Worst Jokes Ever
I thought my vasectomy would keep my wife from getting pregnant, but apparently it just changes the color of the baby.
In my spare time I help blind children. -- I mean the verb, not the adjective.
I nailed my Jewish girlfriend so hard, she turned Christian.
6:30 is the best time on a clock... hands down.
5 out of 6 scientists say Russian Roulette is safe.
According to a recent survey, replacing words with the names of musical instruments in a sentence often goes undetected.
An atom loses an electron... It says, "Man, I really gotta keep an ion them."
No matter how kind you are, German children are kinder.

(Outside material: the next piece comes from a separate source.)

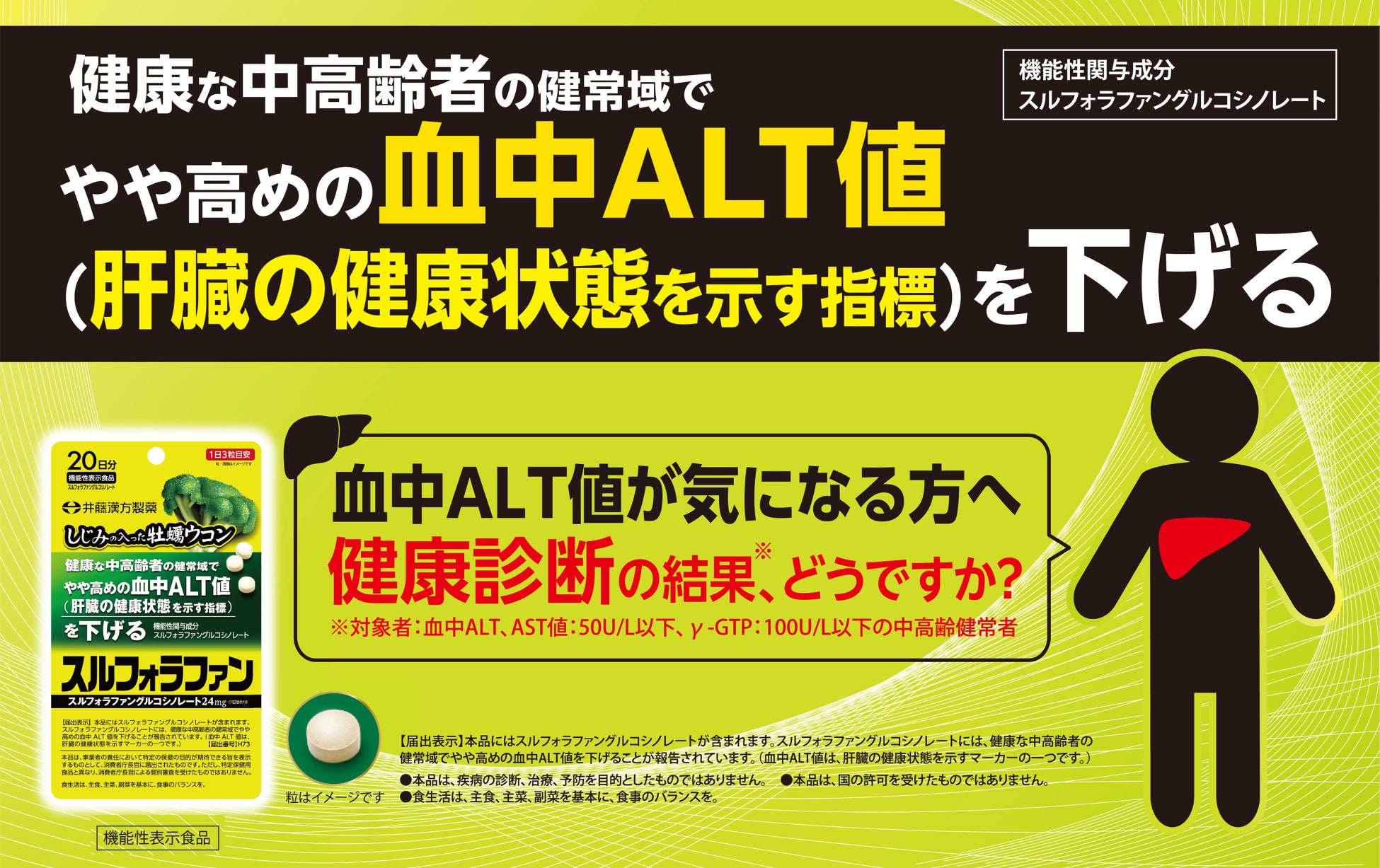 本品にはスルフォラファングルコシノレートが含まれます。スルフォラファングルコシノレートには、健康な中高齢者の健常域でやや高めの血中ALT値を下げることが報告されています。(血中ALT値は、肝臓の健康状態を示すマーカーの一つです。)

The three unwritten rules of life:
1. 2. 3.
You can tell a lot about a woman from her ankles. If they are on your shoulders, she probably likes you.
Why didn't anyone react when the king farted? -- It was a noble gas.
My poor knowledge of Greek mythology has always been my Achilles' elbow.
What's the difference between Dubai and Abu Dhabi? -- People in Dubai don't like the Flintstones but people in Abu Dhabi doooo.
Why do cows wear bells?
Because their horns don't work.
9 out of 10 Americans are stupid... I'm so glad I'm in the 1%.
What do you call a girl with an hourglass figure? -- A waist of time.
After God created 24 hours of alternating darkness and light, one of the angels asked him, "What are you going to do now?"
God said, "I think I'm going to call it a day."
I was going to buy a pocket calculator. But then I thought, who cares how many pockets I have?
What's the difference between a hippie chick and a hockey player? The hockey player showers after 3 periods.
Apparently, Monica Lewinsky didn't vote for Hillary Clinton this election. She said the last Clinton presidency left a bad taste in her mouth.